> _Description of the task_: Give back the full listing as written. No pictures go with it.

> _Records provided_:
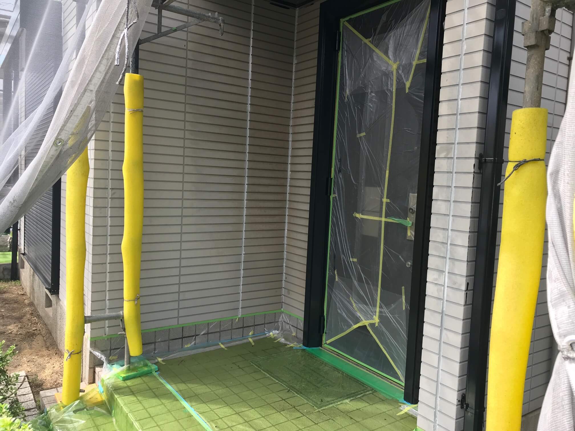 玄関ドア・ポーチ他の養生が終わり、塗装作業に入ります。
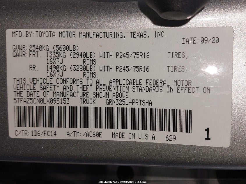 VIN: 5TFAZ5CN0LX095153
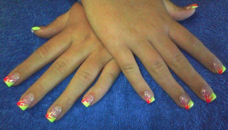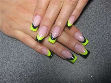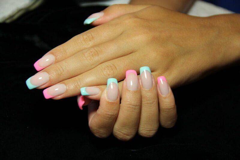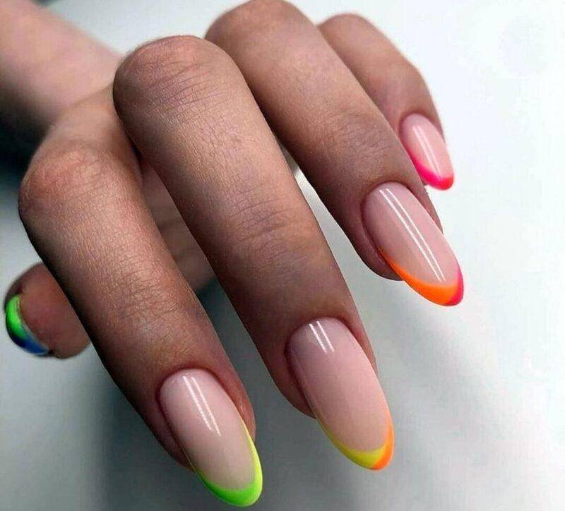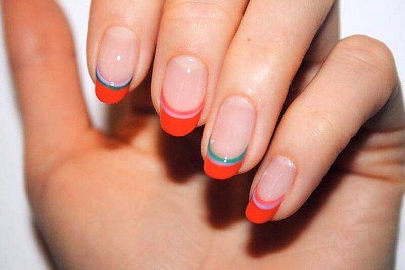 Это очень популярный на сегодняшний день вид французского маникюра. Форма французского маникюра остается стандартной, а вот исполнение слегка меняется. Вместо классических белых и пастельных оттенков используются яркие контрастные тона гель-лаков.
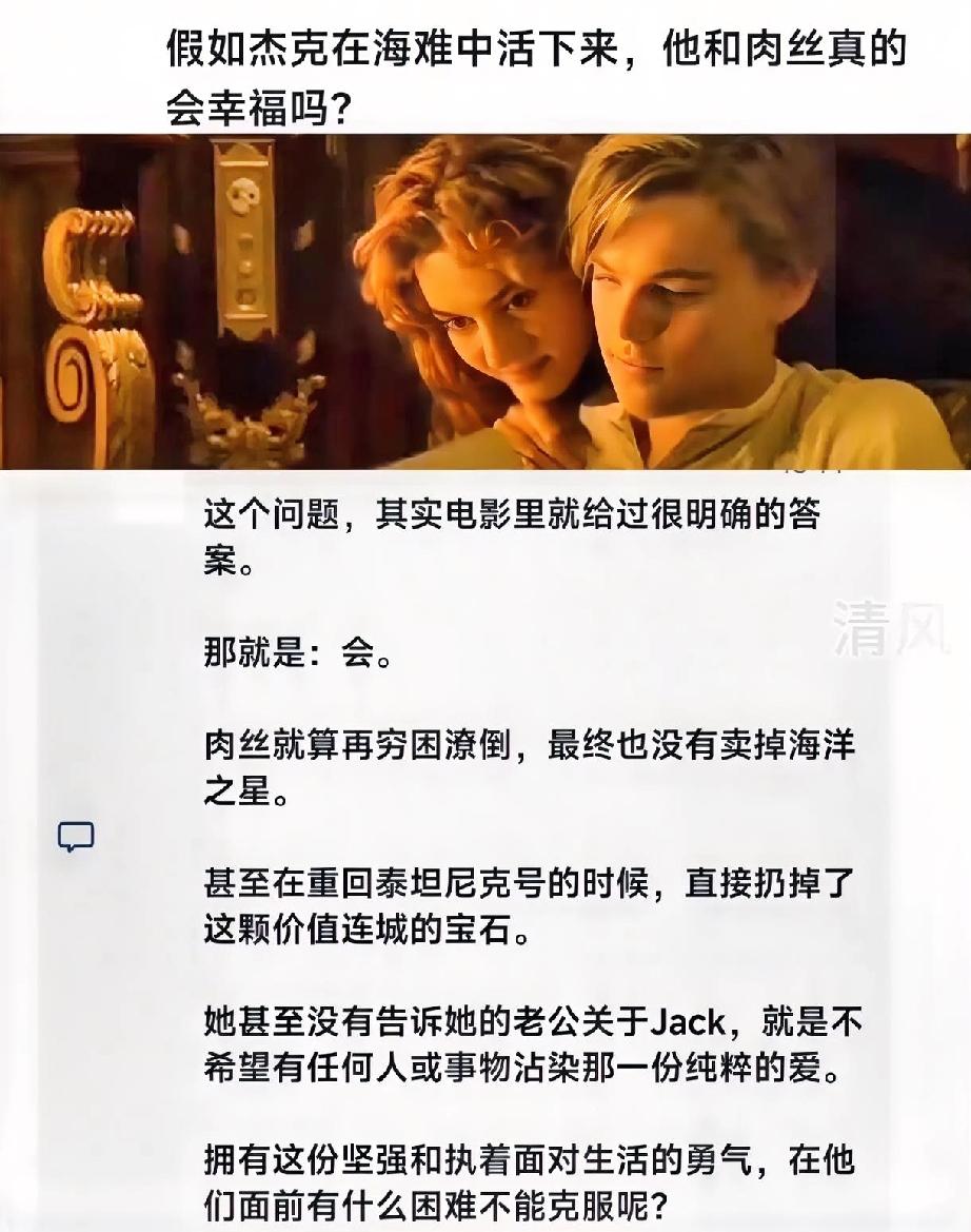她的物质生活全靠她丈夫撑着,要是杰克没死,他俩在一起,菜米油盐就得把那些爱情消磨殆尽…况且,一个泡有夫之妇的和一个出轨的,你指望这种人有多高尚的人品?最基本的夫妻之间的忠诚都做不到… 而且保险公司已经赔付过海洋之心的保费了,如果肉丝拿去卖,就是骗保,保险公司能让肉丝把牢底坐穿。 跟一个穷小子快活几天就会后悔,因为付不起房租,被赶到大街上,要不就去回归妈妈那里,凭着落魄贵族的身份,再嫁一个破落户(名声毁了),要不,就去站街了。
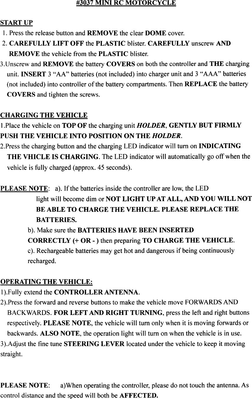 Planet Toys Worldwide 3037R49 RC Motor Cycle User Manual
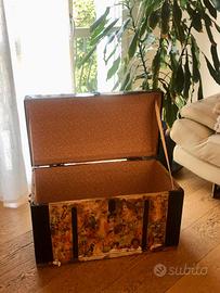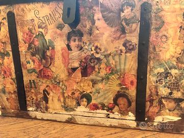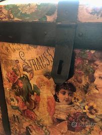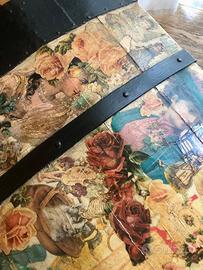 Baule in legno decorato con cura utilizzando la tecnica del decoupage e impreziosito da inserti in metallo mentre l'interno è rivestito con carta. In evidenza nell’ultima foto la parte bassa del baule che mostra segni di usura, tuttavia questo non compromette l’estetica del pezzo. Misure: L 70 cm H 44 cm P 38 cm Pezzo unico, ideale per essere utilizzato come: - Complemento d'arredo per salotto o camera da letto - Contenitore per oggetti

> _Result of this task_:
 玄関ドア・ポーチ他の養生が終わり、塗装作業に入ります。
 VIN: 5TFAZ5CN0LX095153
 Это очень популярный на сегодняшний день вид французского маникюра. Форма французского маникюра остается стандартной, а вот исполнение слегка меняется. Вместо классических белых и пастельных оттенков используются яркие контрастные тона гель-лаков.
她的物质生活全靠她丈夫撑着,要是杰克没死,他俩在一起,菜米油盐就得把那些爱情消磨殆尽…况且,一个泡有夫之妇的和一个出轨的,你指望这种人有多高尚的人品?最基本的夫妻之间的忠诚都做不到… 而且保险公司已经赔付过海洋之心的保费了,如果肉丝拿去卖,就是骗保,保险公司能让肉丝把牢底坐穿。 跟一个穷小子快活几天就会后悔,因为付不起房租,被赶到大街上,要不就去回归妈妈那里,凭着落魄贵族的身份,再嫁一个破落户(名声毁了),要不,就去站街了。
 Planet Toys Worldwide 3037R49 RC Motor Cycle User Manual
 Baule in legno decorato con cura utilizzando la tecnica del decoupage e impreziosito da inserti in metallo mentre l'interno è rivestito con carta. In evidenza nell’ultima foto la parte bassa del baule che mostra segni di usura, tuttavia questo non compromette l’estetica del pezzo. Misure: L 70 cm H 44 cm P 38 cm Pezzo unico, ideale per essere utilizzato come: - Complemento d'arredo per salotto o camera da letto - Contenitore per oggetti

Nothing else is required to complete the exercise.